BANDUNG — Wakil Wali Kota Bandung, Erwin, meninjau langsung lokasi longsor yang terjadi di Jl. Sukajadi Gg. Eme RW 04 RT 10, Kelurahan Sukabungah, Kecamatan Sukajadi, Senin (19/5/2025) dini hari.
Bencana tersebut menyebabkan satu rumah ambruk dan satu bangunan lainnya dalam kondisi kritis.
Meskipun tidak menimbulkan korban jiwa, peristiwa ini menjadi peringatan serius soal bahaya pembangunan di bantaran sungai.
“Kami mengucapkan keprihatinan yang mendalam atas kejadian ini. Alhamdulillah tidak ada korban jiwa. Tapi ini jadi pelajaran penting. Ternyata rumah ini dibangun di atas bantaran sungai,” ujar Erwin di lokasi kejadian.
Erwin menyebut bahwa pembangunan di zona rawan seperti bantaran sungai tidak hanya berbahaya, tapi juga melanggar ketentuan tata ruang kota.
Bantuan Disiapkan, Status Lahan Diperiksa
Dalam kunjungan tersebut, Erwin didampingi oleh jajaran Dinas Sumber Daya Air dan Bina Marga (DSDABM), camat, lurah, hingga relawan Tagana.
Pemerintah tengah melakukan pendataan dampak bencana dan menyiapkan skema bantuan.
“Kalau tanah itu milik pribadi dan ada sertifikatnya, bisa saja dibangun kembali. Tapi kalau itu tanah milik pemerintah, tentu harus dikaji ulang. Kalau tidak bisa dibangun kembali, insyaallah saya bantu kontrakan secara pribadi,” tegasnya.
Erwin juga mengingatkan bahwa setiap warga Bandung memiliki hak atas sandang, pangan, dan papan sesuai Perda Penanggulangan Kemiskinan. Dengan dasar itu, ia berkomitmen mencarikan solusi tempat tinggal sementara bagi korban.
Penertiban Bangunan di Atas Sungai, Menunggu Izin Wali Kota
Pemkot Bandung, lanjut Erwin, akan memperketat pengawasan terhadap bangunan liar yang berdiri di atas aliran sungai dan solokan.
Ia telah menginstruksikan jajaran kewilayahan untuk segera mendata seluruh bangunan yang melanggar.
“Yang berdiri di atas aliran sungai harus segera ditertibkan. Ini bukan hanya soal aturan, tapi soal keselamatan bersama,” ucapnya.
Ia bahkan menyatakan kesiapannya untuk langsung turun merobohkan bangunan-bangunan liar jika telah mendapat lampu hijau dari Wali Kota.
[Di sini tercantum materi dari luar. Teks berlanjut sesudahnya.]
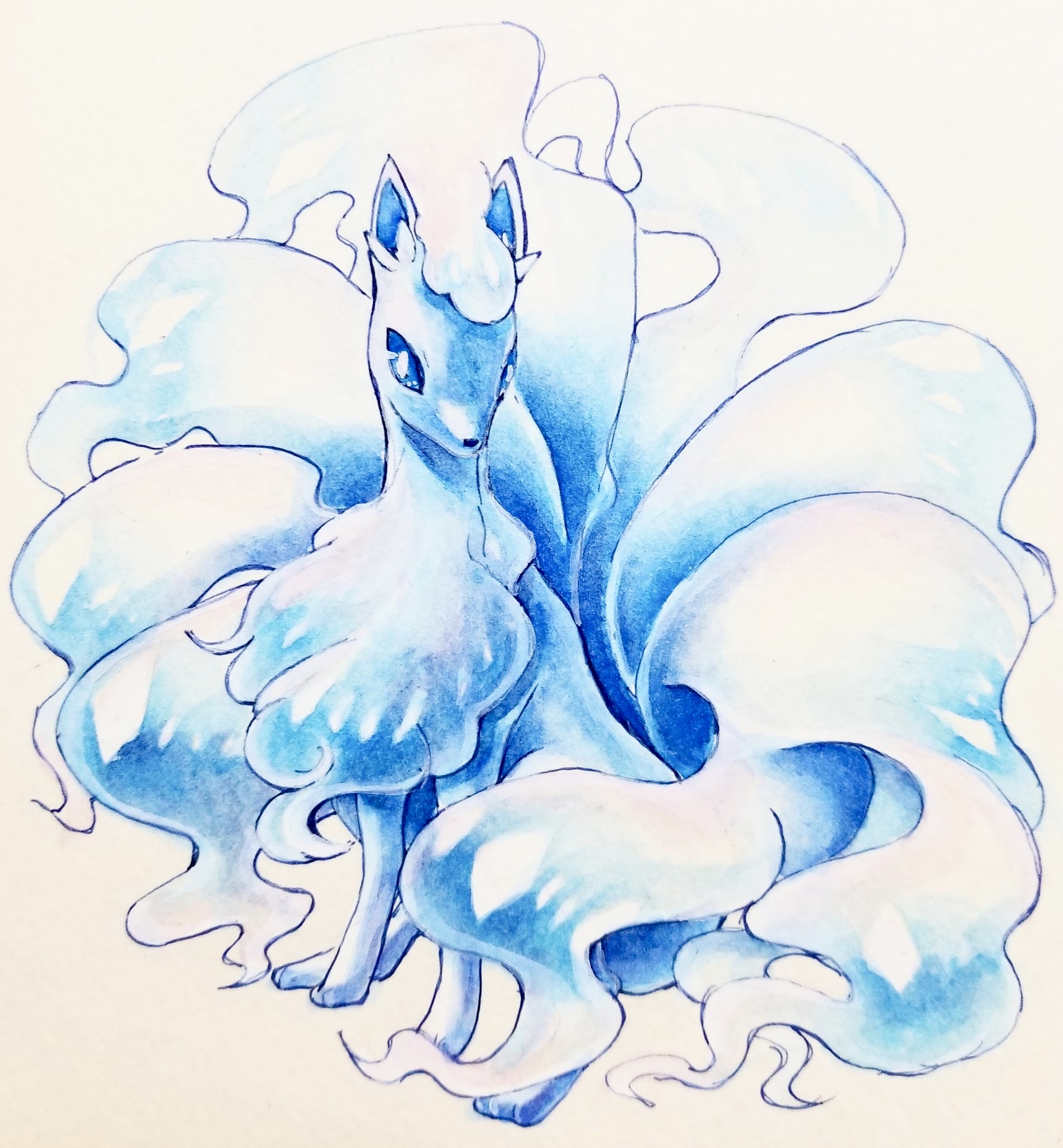 alolan_form alolan_ninetales blue_eyes bright_pupils commentary_request full_body gen_7_pokemon highres looking_at_viewer masshu_(shu_123426) nintendo no_humans painting_(medium) pokemon pokemon_(creature) pokemon_focus sitting solo toes traditional_media watercolor_(medium) white_pupils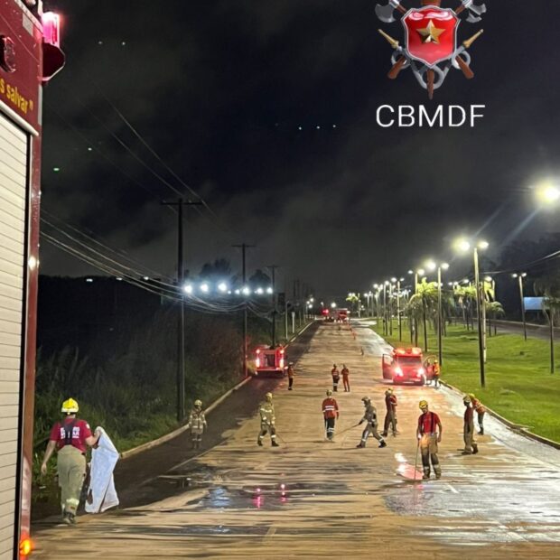Um derramamento de óleo provocou a interdição total da pista de ligação entre Samambaia e a QNL de Taguatinga, no Distrito Federal, na noite desta quinta-feira (26/02/2026). O Corpo de Bombeiros Militar do Distrito Federal foi acionado às 23h26 e mobilizou cinco viaturas para atender à ocorrência.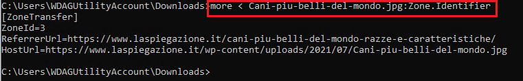 Gli ADS consentono di nascondere dati aggiuntivi all’interno di un file. Un esempio pratico di utilizzo è il flusso Zone.Identifier, utilizzato da Microsoft per identificare la provenienza di un file. Questo flusso può contenere informazioni come la zona di sicurezza da cui proviene il file (es. Internet). Vediamo un esempio.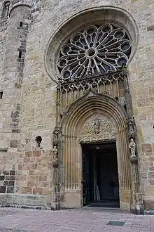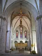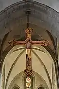 Las partes más antiguas de la actual iglesia son el cimborrio románico sobre el crucero, la fachada norte y la fachada occidental románico-gótica. La cúpula en la parte media de la nave de tres naves es tan alta como los pilares sobre los que se descansa.

“Saya tinggal menunggu izin Pak Wali. Kalau sudah oke, saya akan bergerak menertibkan semua bangunan yang melanggar. Ini untuk keselamatan kita semua,” pungkasnya.
Seruan Jaga Lingkungan: “Jangan Zolim”
Selain soal bangunan, Erwin juga menyoroti beberapa praktik pemanfaatan lahan secara sembarangan, seperti kandang domba di wilayah padat penduduk yang tak memiliki izin.
Ia menegaskan pentingnya mempertimbangkan aspek sosial dan lingkungan sebelum membangun.
“Solokan, sungai, dan bantaran itu milik warga Kota Bandung. Kalau dibangun seenaknya, itu artinya mengambil hak orang lain. Dalam agama pun itu disebut tindakan zolim,” katanya tegas.
Pemkot Salurkan Bantuan dan Terus Imbau Warga
Sejumlah bantuan logistik telah mulai disalurkan kepada warga terdampak. Pemkot Bandung terus mengimbau agar warga tidak membangun di area rawan bencana seperti bantaran sungai demi keselamatan bersama.